=== Section Start ===
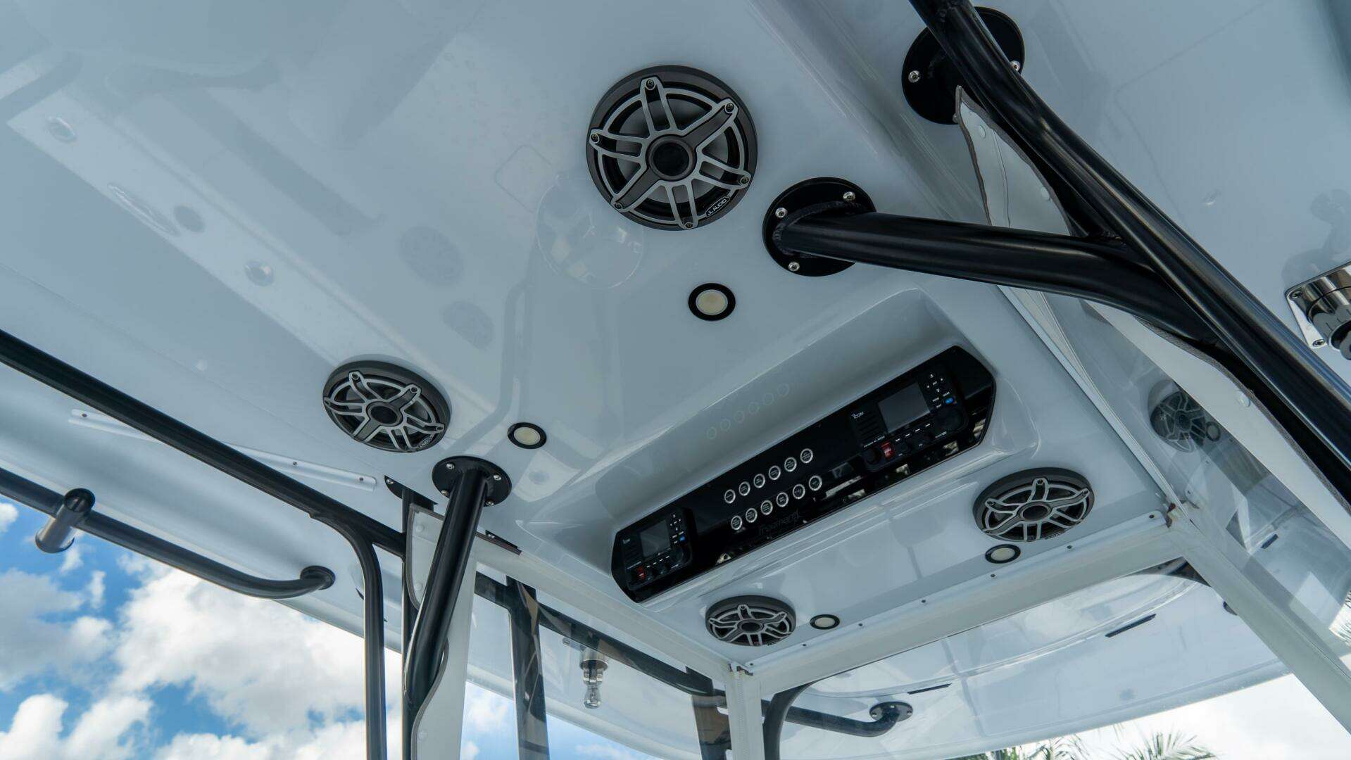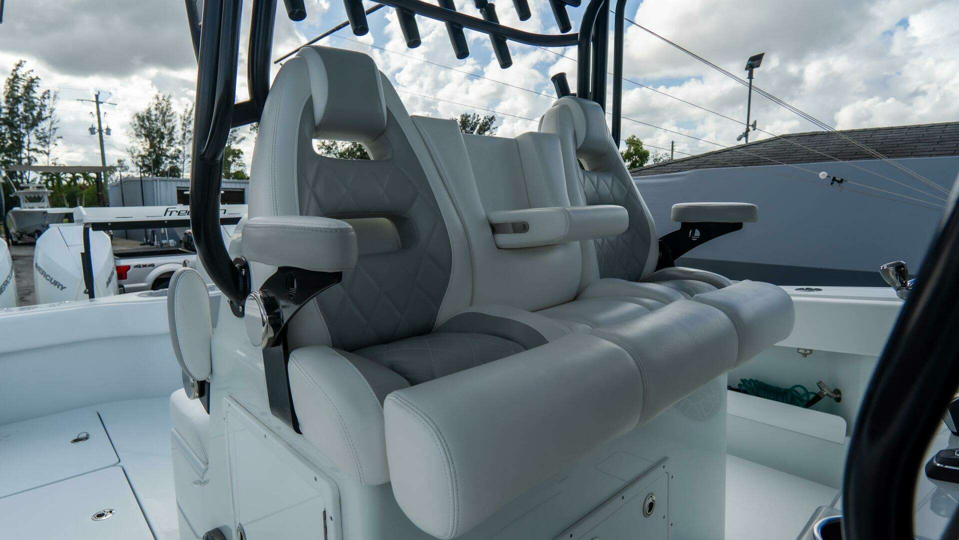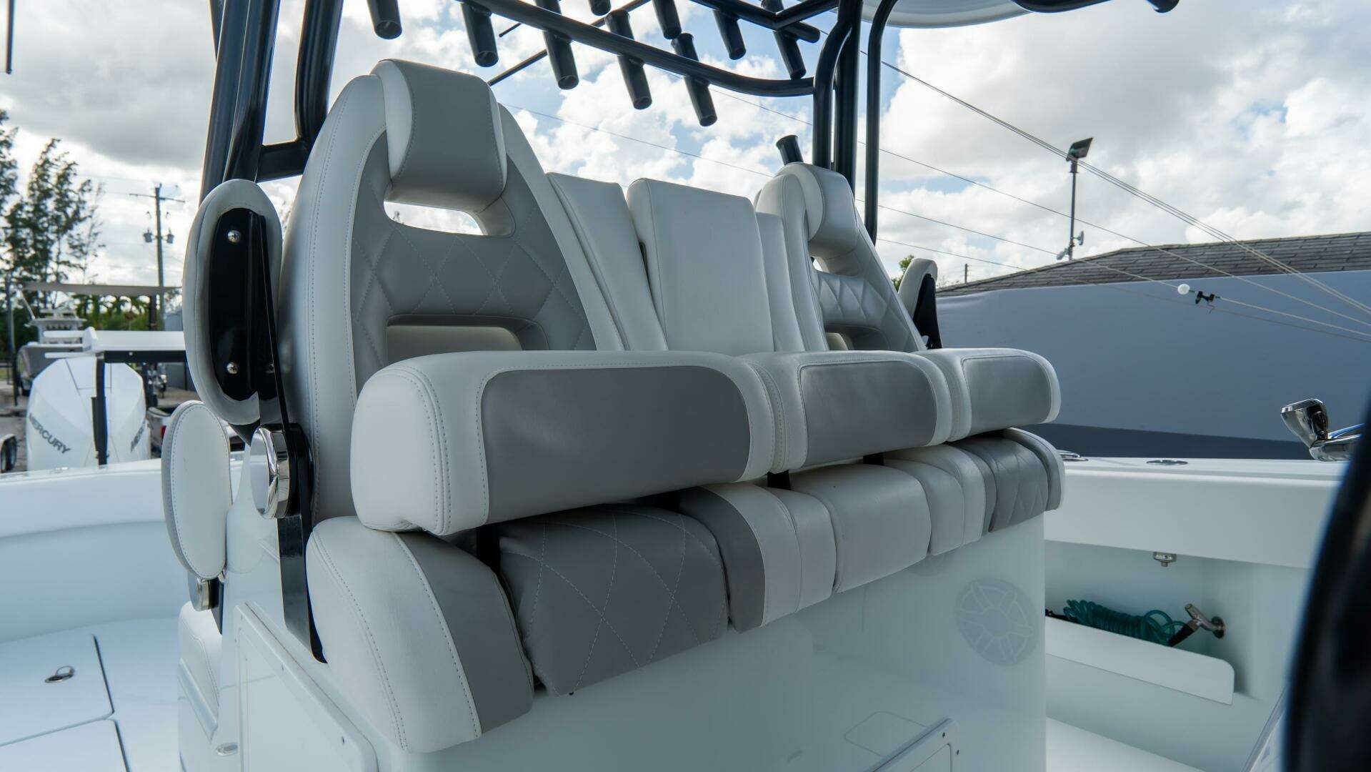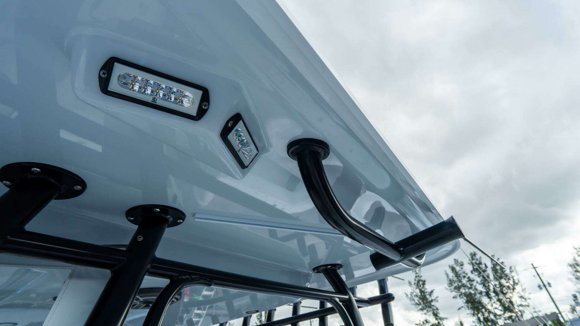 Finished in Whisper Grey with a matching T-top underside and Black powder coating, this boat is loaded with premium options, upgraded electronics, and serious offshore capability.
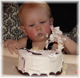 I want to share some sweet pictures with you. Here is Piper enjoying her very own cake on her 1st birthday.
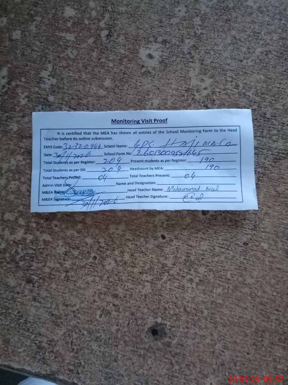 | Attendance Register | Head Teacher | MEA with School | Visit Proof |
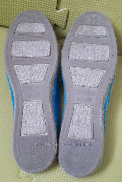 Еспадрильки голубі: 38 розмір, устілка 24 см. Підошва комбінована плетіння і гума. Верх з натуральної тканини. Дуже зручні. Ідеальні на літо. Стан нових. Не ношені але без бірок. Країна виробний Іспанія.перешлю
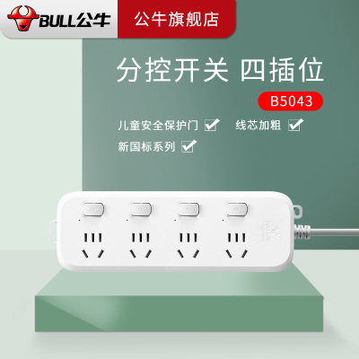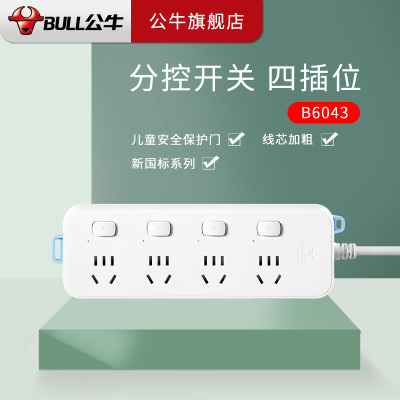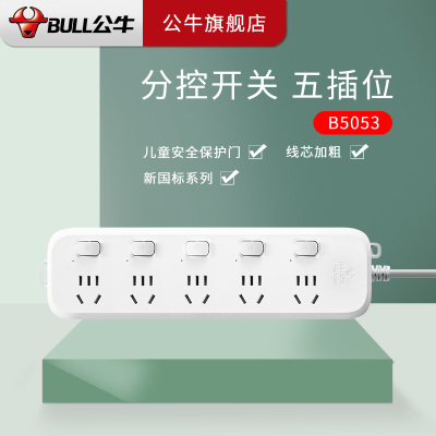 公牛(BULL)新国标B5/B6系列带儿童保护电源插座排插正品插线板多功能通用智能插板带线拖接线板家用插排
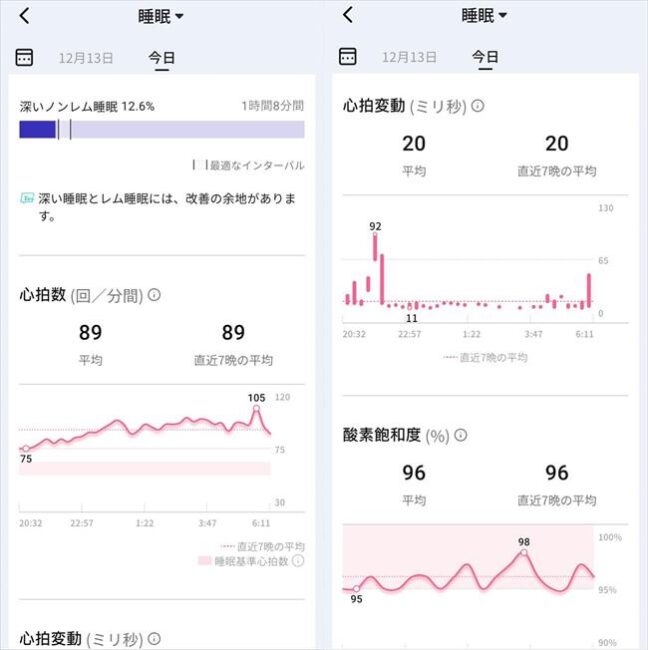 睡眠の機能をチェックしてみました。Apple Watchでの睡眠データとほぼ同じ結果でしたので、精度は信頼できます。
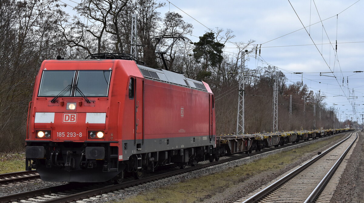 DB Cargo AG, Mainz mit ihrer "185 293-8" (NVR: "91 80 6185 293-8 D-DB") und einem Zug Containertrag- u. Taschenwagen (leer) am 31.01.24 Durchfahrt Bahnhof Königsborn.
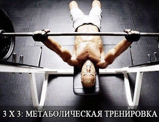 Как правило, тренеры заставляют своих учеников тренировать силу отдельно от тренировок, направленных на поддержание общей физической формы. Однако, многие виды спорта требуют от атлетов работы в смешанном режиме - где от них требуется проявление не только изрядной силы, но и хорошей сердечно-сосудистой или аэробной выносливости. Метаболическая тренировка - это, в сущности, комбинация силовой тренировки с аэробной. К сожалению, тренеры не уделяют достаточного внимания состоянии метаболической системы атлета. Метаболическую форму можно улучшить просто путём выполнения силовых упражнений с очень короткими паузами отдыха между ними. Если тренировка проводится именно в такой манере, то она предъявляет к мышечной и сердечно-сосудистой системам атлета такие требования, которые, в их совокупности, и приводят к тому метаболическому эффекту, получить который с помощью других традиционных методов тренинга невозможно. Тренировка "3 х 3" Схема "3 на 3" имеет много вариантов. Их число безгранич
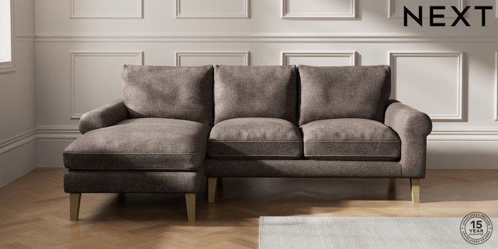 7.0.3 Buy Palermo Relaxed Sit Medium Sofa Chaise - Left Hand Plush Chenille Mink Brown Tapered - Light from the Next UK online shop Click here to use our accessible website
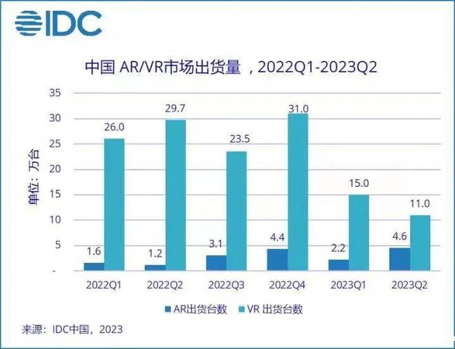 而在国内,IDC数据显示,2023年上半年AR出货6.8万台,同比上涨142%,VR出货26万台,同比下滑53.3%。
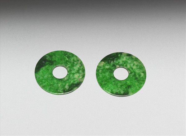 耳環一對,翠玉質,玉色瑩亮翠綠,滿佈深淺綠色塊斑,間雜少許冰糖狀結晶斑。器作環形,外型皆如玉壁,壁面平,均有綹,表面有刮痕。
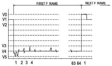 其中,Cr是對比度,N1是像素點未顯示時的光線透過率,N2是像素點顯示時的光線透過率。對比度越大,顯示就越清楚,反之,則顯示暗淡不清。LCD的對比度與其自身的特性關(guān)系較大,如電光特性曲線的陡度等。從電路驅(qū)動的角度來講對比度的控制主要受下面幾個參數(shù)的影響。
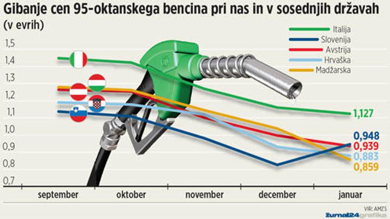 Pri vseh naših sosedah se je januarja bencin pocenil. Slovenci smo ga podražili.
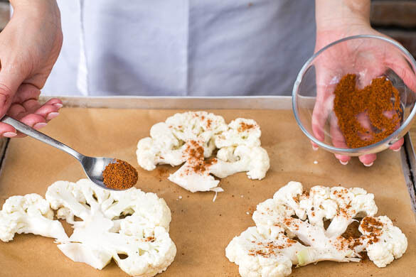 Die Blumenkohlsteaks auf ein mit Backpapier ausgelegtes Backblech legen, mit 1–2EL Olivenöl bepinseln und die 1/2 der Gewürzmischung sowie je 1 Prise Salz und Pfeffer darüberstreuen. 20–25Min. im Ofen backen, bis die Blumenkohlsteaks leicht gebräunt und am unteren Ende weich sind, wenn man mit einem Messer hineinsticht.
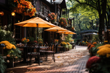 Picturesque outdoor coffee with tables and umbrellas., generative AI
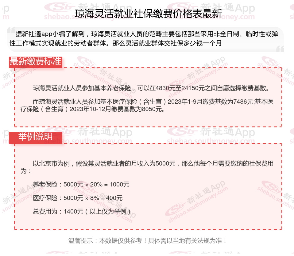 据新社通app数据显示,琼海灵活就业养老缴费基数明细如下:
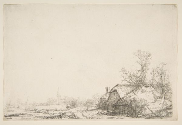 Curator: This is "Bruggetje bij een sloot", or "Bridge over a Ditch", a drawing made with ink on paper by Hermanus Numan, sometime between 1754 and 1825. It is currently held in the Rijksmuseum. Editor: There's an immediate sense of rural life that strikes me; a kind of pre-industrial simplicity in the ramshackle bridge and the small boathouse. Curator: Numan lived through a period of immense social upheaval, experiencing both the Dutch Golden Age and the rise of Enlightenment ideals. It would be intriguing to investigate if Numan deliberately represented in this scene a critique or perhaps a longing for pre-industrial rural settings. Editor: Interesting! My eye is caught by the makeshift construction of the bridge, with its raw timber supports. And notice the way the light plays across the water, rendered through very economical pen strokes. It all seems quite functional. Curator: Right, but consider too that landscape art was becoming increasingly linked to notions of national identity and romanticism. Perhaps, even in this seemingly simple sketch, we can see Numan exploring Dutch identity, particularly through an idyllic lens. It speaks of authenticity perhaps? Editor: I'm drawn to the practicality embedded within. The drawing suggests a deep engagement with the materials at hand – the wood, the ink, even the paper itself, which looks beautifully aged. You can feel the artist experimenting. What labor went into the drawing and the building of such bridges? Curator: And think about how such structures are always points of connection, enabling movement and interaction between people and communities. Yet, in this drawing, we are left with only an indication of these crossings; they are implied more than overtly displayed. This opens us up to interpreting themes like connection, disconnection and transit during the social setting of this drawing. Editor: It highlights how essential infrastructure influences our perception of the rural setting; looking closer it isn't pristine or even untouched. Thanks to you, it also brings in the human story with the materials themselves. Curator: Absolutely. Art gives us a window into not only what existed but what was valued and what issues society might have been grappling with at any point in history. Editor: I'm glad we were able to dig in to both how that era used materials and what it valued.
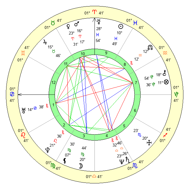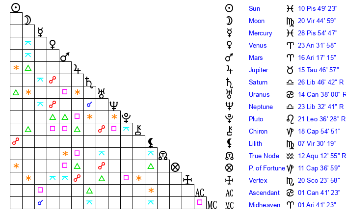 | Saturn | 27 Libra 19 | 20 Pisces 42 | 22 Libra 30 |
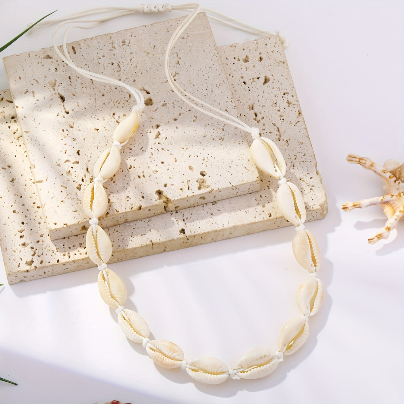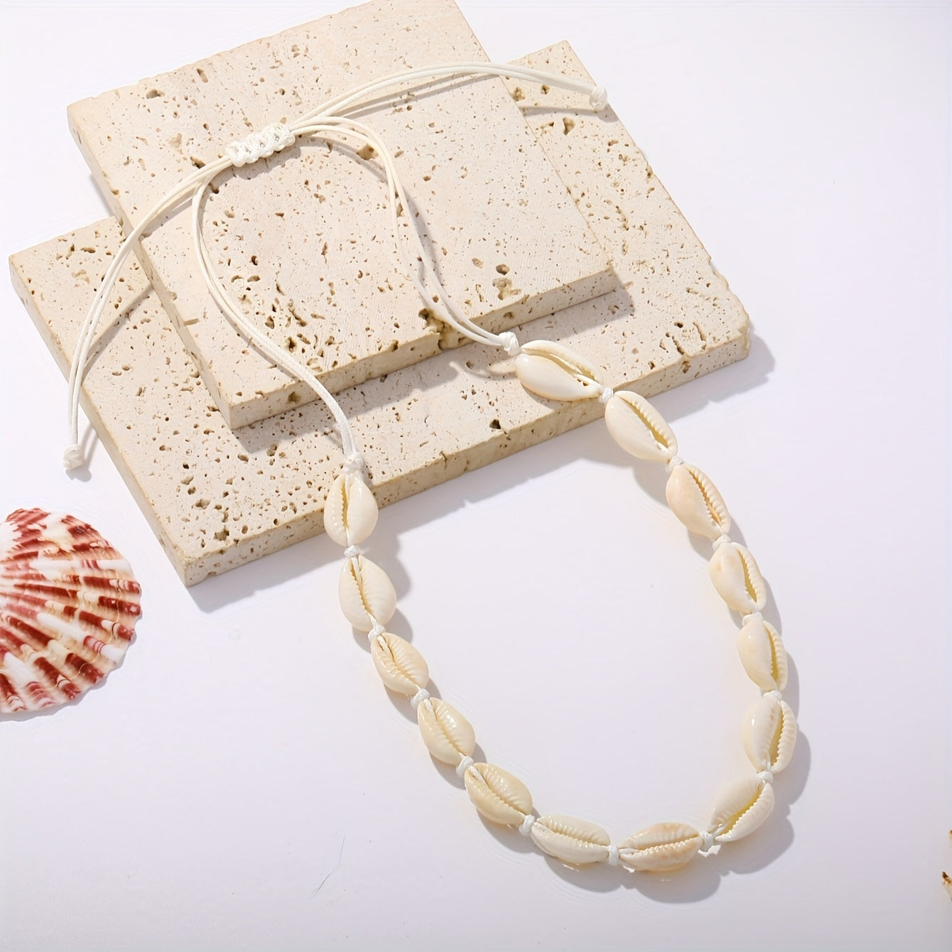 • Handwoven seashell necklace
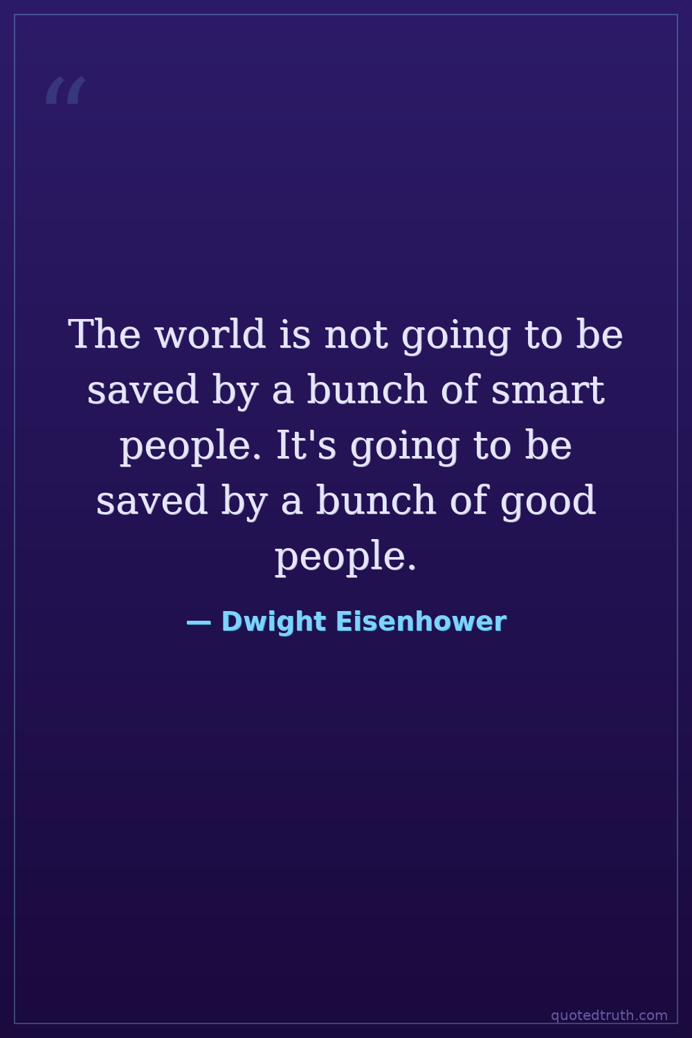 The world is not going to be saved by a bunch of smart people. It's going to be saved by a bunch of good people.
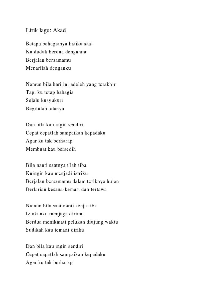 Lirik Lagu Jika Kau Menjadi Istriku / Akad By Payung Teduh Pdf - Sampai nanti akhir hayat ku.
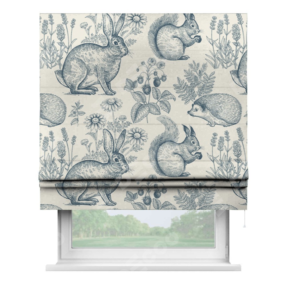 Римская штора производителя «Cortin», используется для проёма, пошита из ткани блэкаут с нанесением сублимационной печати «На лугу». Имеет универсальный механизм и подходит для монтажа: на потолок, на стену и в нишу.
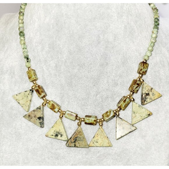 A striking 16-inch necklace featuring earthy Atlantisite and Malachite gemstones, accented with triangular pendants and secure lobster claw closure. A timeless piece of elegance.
=== Section End ===
- _REQUIRED ACTION_
Once you find the line with "Handwoven seashell necklace", restate it and every later line of the data word for word, excluding the pictures.

- _TASK RESPONSE_
 • Handwoven seashell necklace
 The world is not going to be saved by a bunch of smart people. It's going to be saved by a bunch of good people.
 Lirik Lagu Jika Kau Menjadi Istriku / Akad By Payung Teduh Pdf - Sampai nanti akhir hayat ku.
 Римская штора производителя «Cortin», используется для проёма, пошита из ткани блэкаут с нанесением сублимационной печати «На лугу». Имеет универсальный механизм и подходит для монтажа: на потолок, на стену и в нишу.
 A striking 16-inch necklace featuring earthy Atlantisite and Malachite gemstones, accented with triangular pendants and secure lobster claw closure. A timeless piece of elegance.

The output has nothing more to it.